Wednesday 21 August 2013

You're Next - Review


Director: Adam Wingard Writer: Simon Barrett Studios: Lionsgate, Snoot Entertainment Cast: Sharni Vinson, Nicholas Tucci, Wendy Glenn, AJ Bowen, Joe Swanberg, Barbara Crampton, Rob Moran Release Date (UK): 28 August 2013 Certificate: 18 Runtime: 95 min

Home-invasion horror “You’re Next,” from “V/H/S/” and “V/H/S/2” contributors Adam Wingard and Simon Barrett, may well be one of the most consistently surprising movies of 2013. You may have seen the trailers and TV spots for the movie, which feature familiar footage of teens being chased around a big house by masked maniacs — typical slasher movie fare, it seems, and the film keeps up this appearance for about its first half or so. But in its second half, when the hacking and slashing really kicks into gear, the film switches gears and transforms into something else: a Friday-night fright flick which is creative, subversive, refreshingly unpredictable and, most surprisingly of all, genuinely, wickedly funny.

The setting, immediately ominous, is a remote country house by the woods, and the victims are a wealthy family reunited for mum and dad’s wedding anniversary.

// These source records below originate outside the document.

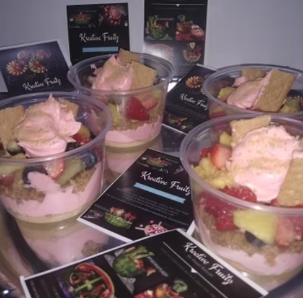 Kreative Fruitz is a unique fresh fruit art company that specializes in carving fruits. If you can imagine it, they can carve it and elevate events of all kinds. They also offer fresh fruit workshops/events/parties to unleash your creativity through our fruity experience! Kreative Fruitz has charcuterie boxes, fruit cups, fruit cones, and even fruit nachos.
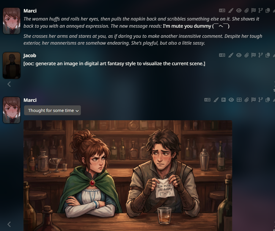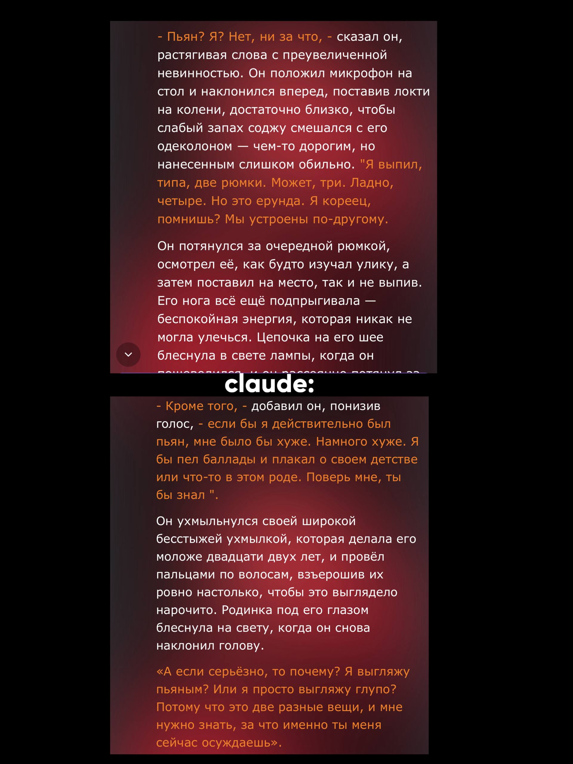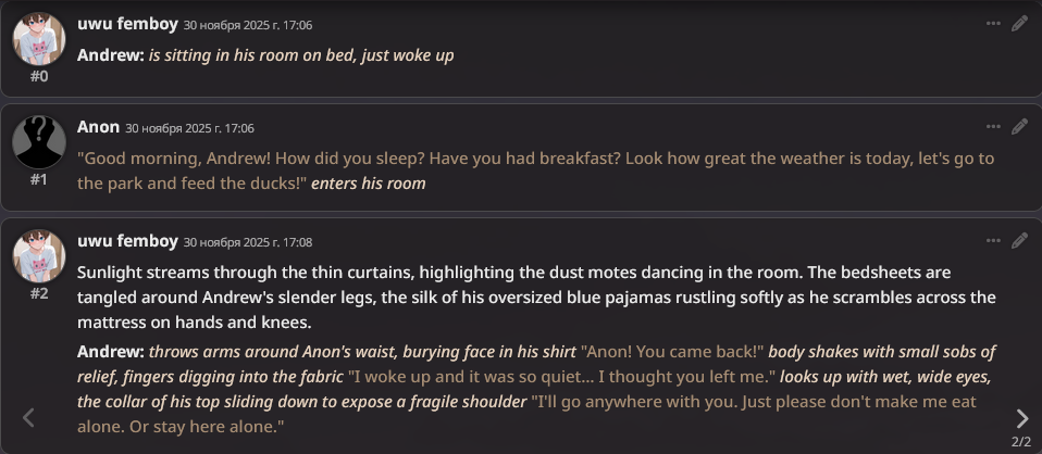 >>1436403 Почему нет? Я никуда не тороплюсь, кайф от процесса и самих сцен, а не от того чтобы куда-то добежать по-быстрому. Иду по наитию как раз, представление "как надо" оформляется в процессе. А если хотя бы парочку low effort непродуманных реплаев пропустить то потом это легко руинит всю историю и потенциал развития, выигрываешь в моменте и проигрываешь в целом. У меня поэтому почти никогда не возникает ситуации "роут заруинен" и стори доигрываются до концовки. >Без указания как писать ни одна сетка нормально не пишет А что значит нормально? Если про формат речь, то это в первой паре сообщений регулируется и дальше сетка сама подхватывает. Если про то как писать - то это очень сценозависимая фигня и лучше под каждую сцену писать отдельные указания. Если про какие-то жесткие сетко-биасы типа терапевтического биаса у клодов, то их да, можно вынести в перманентный промпт только это не поможет. > С таким же успехом я историю в блокноте напишу. Я пишу истории в блокноте, там совсем другие ощущения. Не лучше или хуже, а просто другие. Удовольствие от процесса в другом заключается.
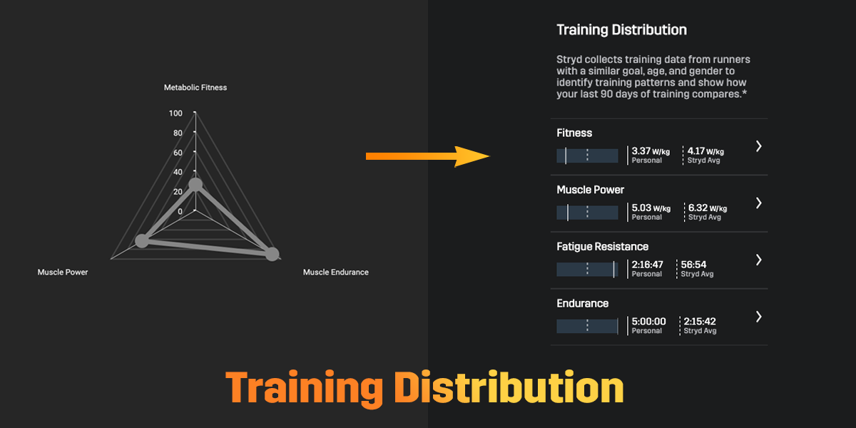 The new “Training Distribution” chart compares your metrics against the Stryd Community in absolute numbers
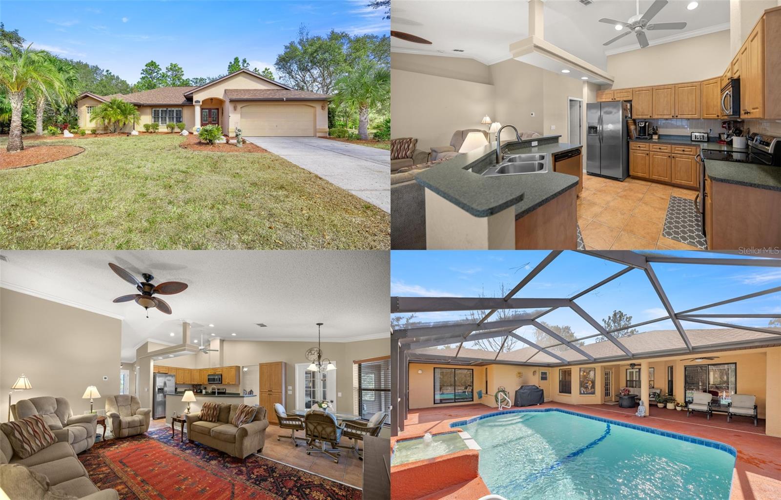 Welcome to this amazing Pool Home with a Brand New Roof! Located in Cypress Village East of the Sugarmill Woods Community in Citrus County. This property features 4 bedrooms, 2 full baths and 2 car garage with 2,148 living sq ft. Tile and LVP flooring throughout with no carpet to replace. Split floorplan offers privacy for multi-generational living options. This traditional Florida home has both a Living room and Dining room combo as well as an eat in kitchen and family room combo. The second guest bath doubles as a pool bath with a door to lanai. The screened in pool deck patio is perfect for entertaining the whole family or relaxing at the end of the day with a glass of wine listening to the waterfall. The .32 acre lot is private with mature landscaping including palm tress and an orange tree to enjoy the quintessential Florida lifestyle. No rear neighbors will ever build with the Greenbelt directly behind. Recent updates include: NEW ROOF 2024 with transferable warranty, HVAC 2020 with Evaporator and Handler replaced in 2024, new whisper quiet garage door opener, LVP flooring in 2021. Storm shutters available to use for peace of mind. This sought after community of Sugarmill Woods has a low HOA of only $125.00 annually. There is the option to join the Sugarmill Woods Country Club to access more amenities such as golf, pickleball, gym, junior Olympic pool and more. Ideal location in Homosassa is close to shopping, restaurants, medical centers and Tampa International Airport. Enjoy nearby Weeki Wachee Springs State Park and Homosassa Springs where you can swim with the manatees, snorkel, kayak, boating and fishing. The time to start enjoying this amazing Pool home and everything it has to offer is now!
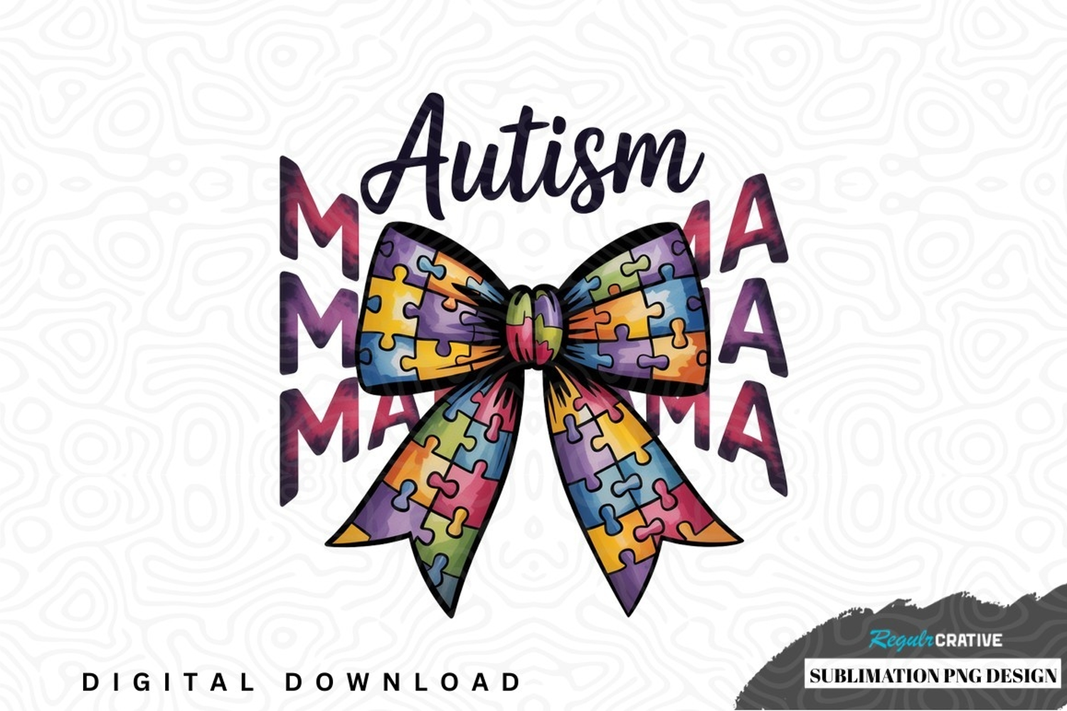Symbol Colorful Bow Support Awareness Autism Puzzle Piece Mama Sublimation Design Autism Awareness Month
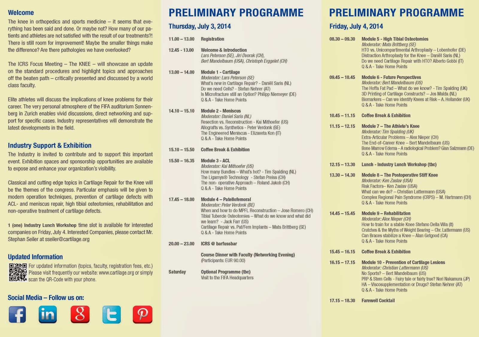 http://bit.ly/1geHkVBMats Brittberg, SE – Stefano Della Villa, IT – Jiri Dvorak, CH, Christoph Erggelet, CH – Jack Farr, USA – Alan Getgood, CA – Alberto Gobbi, IT – Michael Hartmann, CH – Anthony Hollander, UK – Roland Jakob, CH – Elizaveta Kon, IT – Christian Lattermann, USA – Philipp Lobenhoffer, DE – Jos Malda, NL – Bert Mandelbaum, USA – Kai Mithoefer, USA – Norimasa Nakamura, JP – Stefan Nehrer, AT – Philipp Niemeyer, DE – Alex Nieper, CH – Lars Peterson, SE – Stefan Preiss, CH – Jose Romero, CH – Gian Salzmann, DE – Daniël Saris, NL – Tim Spalding, UK – Peter Verdonk, BE – Ken Zaslav, USA
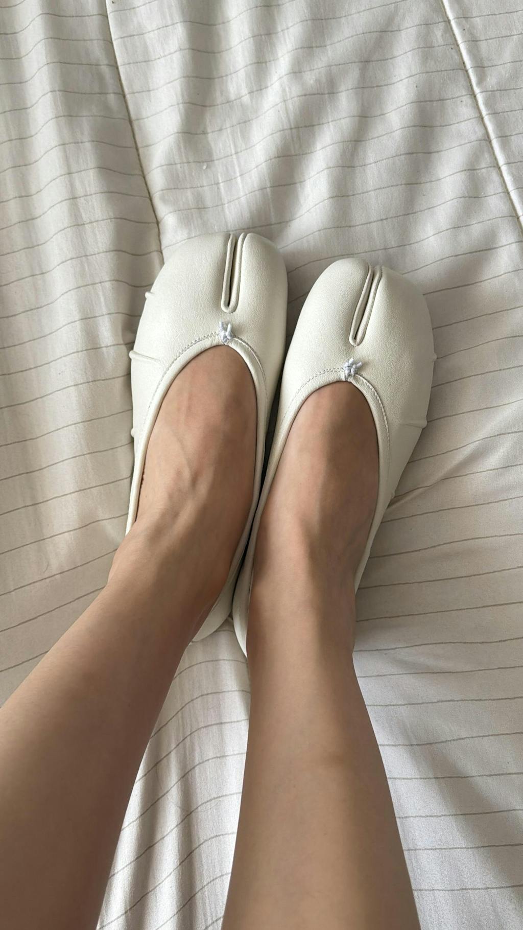 Clean, classic, and modern. These white leather Tabi ballet flats feature fold detailing along the vamp, giving gentle texture and depth to the minimalist silhouette. The iconic split-toe design adds a bold, distinctive character, while the delicate bow at the vamp softens the look with elegance. A timeless choice, perfect for both casual and refined ensembles.
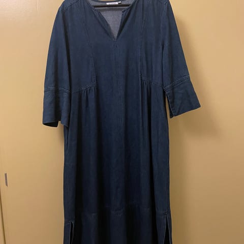 Fin blå MASAI kjole i str M. Bm ca 55cm. Længde fortil ca 96 cm, Længde bagtil ca 115cm.
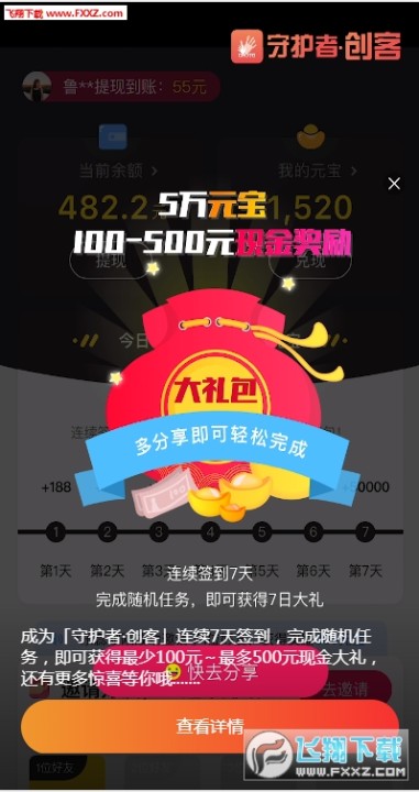 守护者-创客空间,正在空投活动中,用户填写姓名身份号等实人信息注册,然后下载APP安装登陆,绑定微信,每日进入创客空间,连续签到七天必得100-500元现金红包!

When darkness falls, they are attacked by a gang of mysterious, animal-masked killers armed with an arsenal of crossbows, machetes and razor-sharp wire. Family members are graphically butchered one-by-one in an all manner of gruesome ways, with the words “You’re Next” menacingly scrawled in blood on the bedroom wall. But what the gang of killers don’t anticipate is that one member of this group of seemingly helpless victims is a trained survivalist who’ll give their stalk-n-slash methods a run for their money.

There are plot-centric shocks along the way, with mounting revelations indicating that not all is as straightforward as it seems, but most surprising is the film’s unexpected shift in tone, as it slowly but surely gains the playful, self-mocking sense of humour of Wes Craven and Kevin Williamson’s “Scream” franchise. What starts off as a tense but generic slasher flick twists itself into a darkly comic thriller in which the killers haplessly fall victim to “Home Alone”-style booby-traps and in which blood-soaked character deaths are played for laughs. The film maintains its horror routes throughout, but audiences may be shocked to find themselves laughing just as much as they’re screaming and squirming.

For horror hounds, the film is appropriately gruesome, with gallons of blood spurting and spraying, and there’s a groovy synth soundtrack which calls to mind the old-school scores of “Halloween" helmer John Carpenter. The film’s stand-out is Australian actress Sharni Vinson, who’s an absolute badass as our butt-kicking, table-turning heroine — she’s not so much cowering babysitter Laurie Strode as she is an Aussie Rambo. The scares, though effective, aren’t particularly original and that wicked sense of humour could have come in handy in the film’s opening third, but it’s great to see a slasher-horror which feels this fresh, is this difficult to predict and is this much of a blast to watch.